**TRY IT**
Pictures stay out of the copy. Repeat exactly the lines from the first entry below through the line that contains "2026春装新款女童韩版不规则短袖T时尚皮衣外套蕾丝蛋糕半身裙", and nothing beyond.

**DATA**

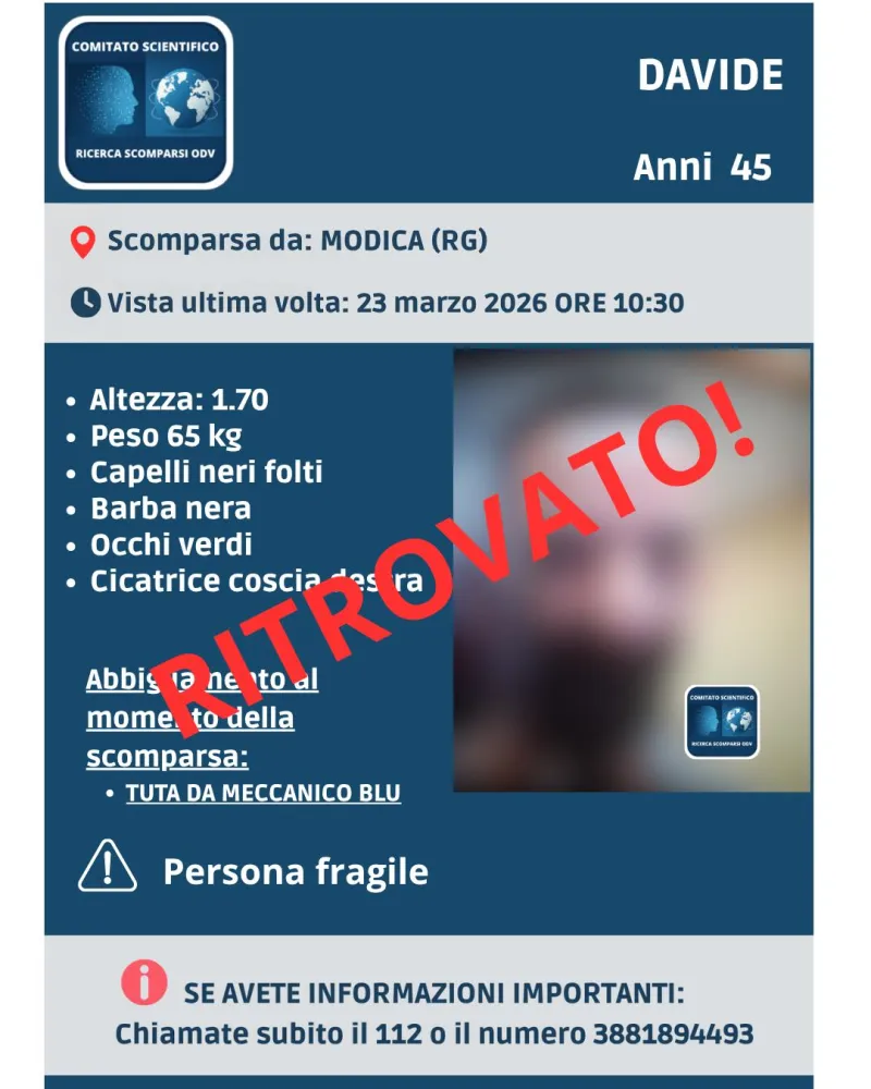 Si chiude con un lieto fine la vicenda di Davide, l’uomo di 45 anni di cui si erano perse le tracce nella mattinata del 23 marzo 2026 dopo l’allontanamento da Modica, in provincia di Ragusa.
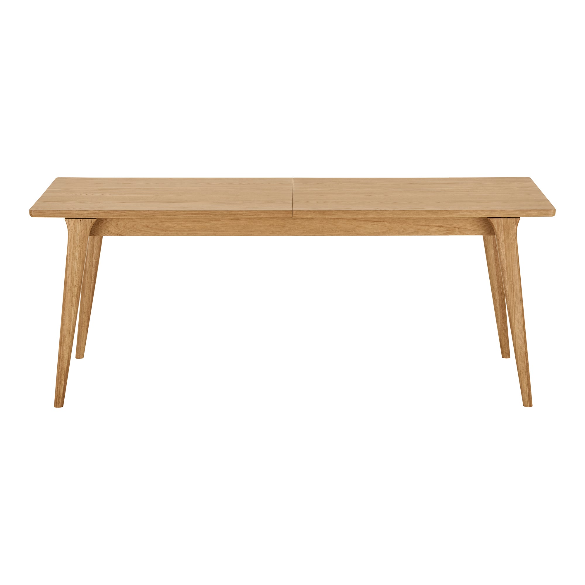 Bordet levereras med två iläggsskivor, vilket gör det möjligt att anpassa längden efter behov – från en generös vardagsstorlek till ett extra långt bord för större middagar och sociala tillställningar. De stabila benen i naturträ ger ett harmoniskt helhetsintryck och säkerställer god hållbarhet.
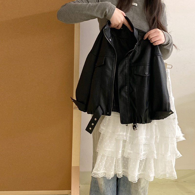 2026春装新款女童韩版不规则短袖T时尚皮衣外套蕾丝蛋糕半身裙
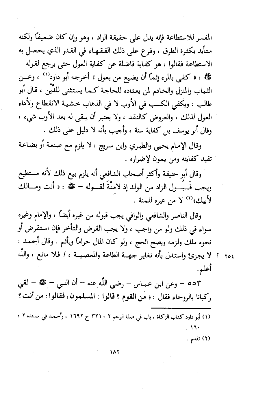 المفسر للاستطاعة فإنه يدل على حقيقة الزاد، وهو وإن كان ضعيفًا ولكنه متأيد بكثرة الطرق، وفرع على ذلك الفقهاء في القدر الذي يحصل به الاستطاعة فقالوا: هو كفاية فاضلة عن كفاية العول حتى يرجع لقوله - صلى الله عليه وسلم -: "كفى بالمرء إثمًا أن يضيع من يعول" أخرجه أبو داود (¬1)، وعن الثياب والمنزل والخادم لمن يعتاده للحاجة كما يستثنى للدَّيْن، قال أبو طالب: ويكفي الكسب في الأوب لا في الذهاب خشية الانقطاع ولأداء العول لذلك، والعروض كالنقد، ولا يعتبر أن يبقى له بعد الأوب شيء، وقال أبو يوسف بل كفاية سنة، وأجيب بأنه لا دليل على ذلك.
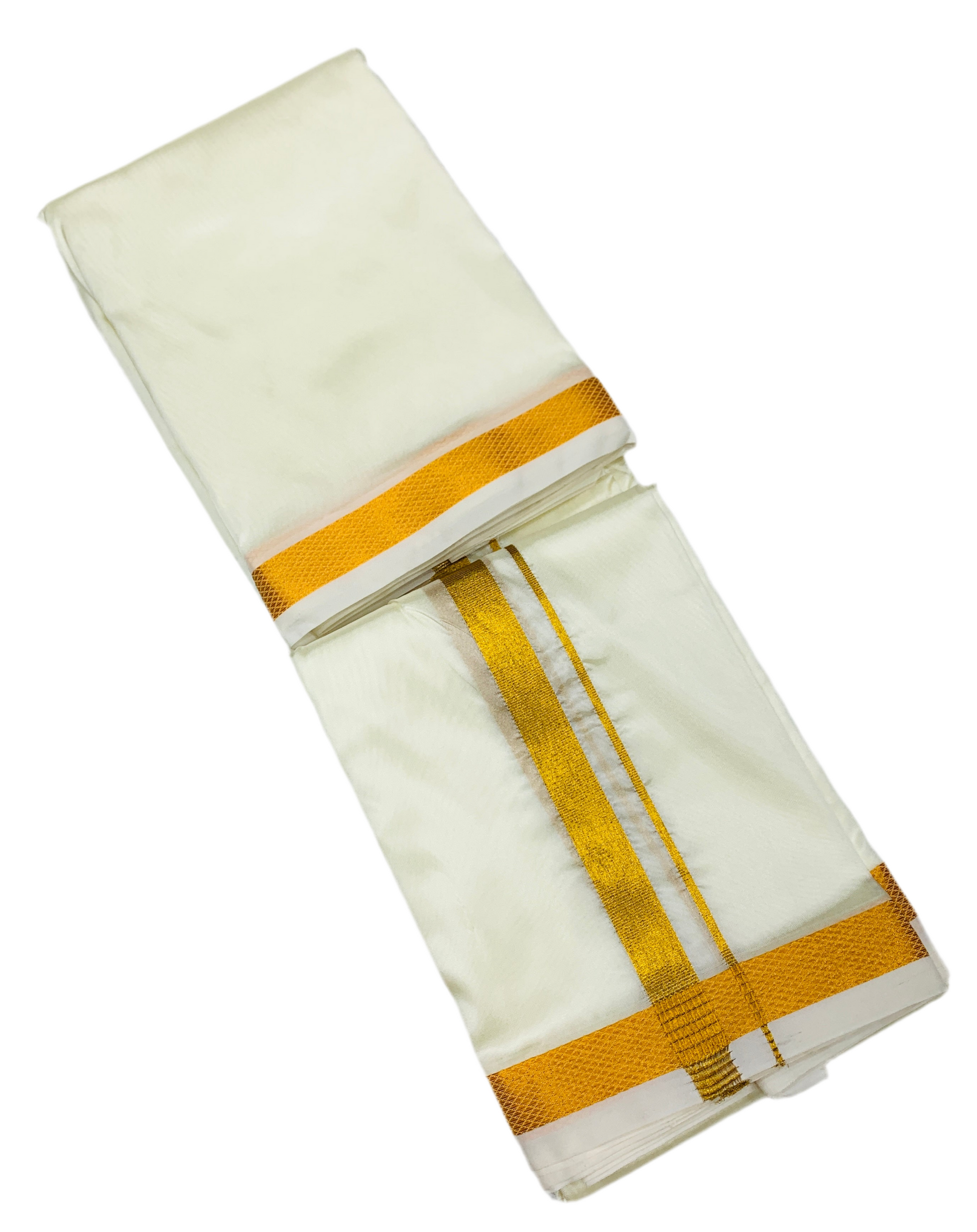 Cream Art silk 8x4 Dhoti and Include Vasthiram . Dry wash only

**YOUR SOLUTION**
 Si chiude con un lieto fine la vicenda di Davide, l’uomo di 45 anni di cui si erano perse le tracce nella mattinata del 23 marzo 2026 dopo l’allontanamento da Modica, in provincia di Ragusa.
 Bordet levereras med två iläggsskivor, vilket gör det möjligt att anpassa längden efter behov – från en generös vardagsstorlek till ett extra långt bord för större middagar och sociala tillställningar. De stabila benen i naturträ ger ett harmoniskt helhetsintryck och säkerställer god hållbarhet.
 2026春装新款女童韩版不规则短袖T时尚皮衣外套蕾丝蛋糕半身裙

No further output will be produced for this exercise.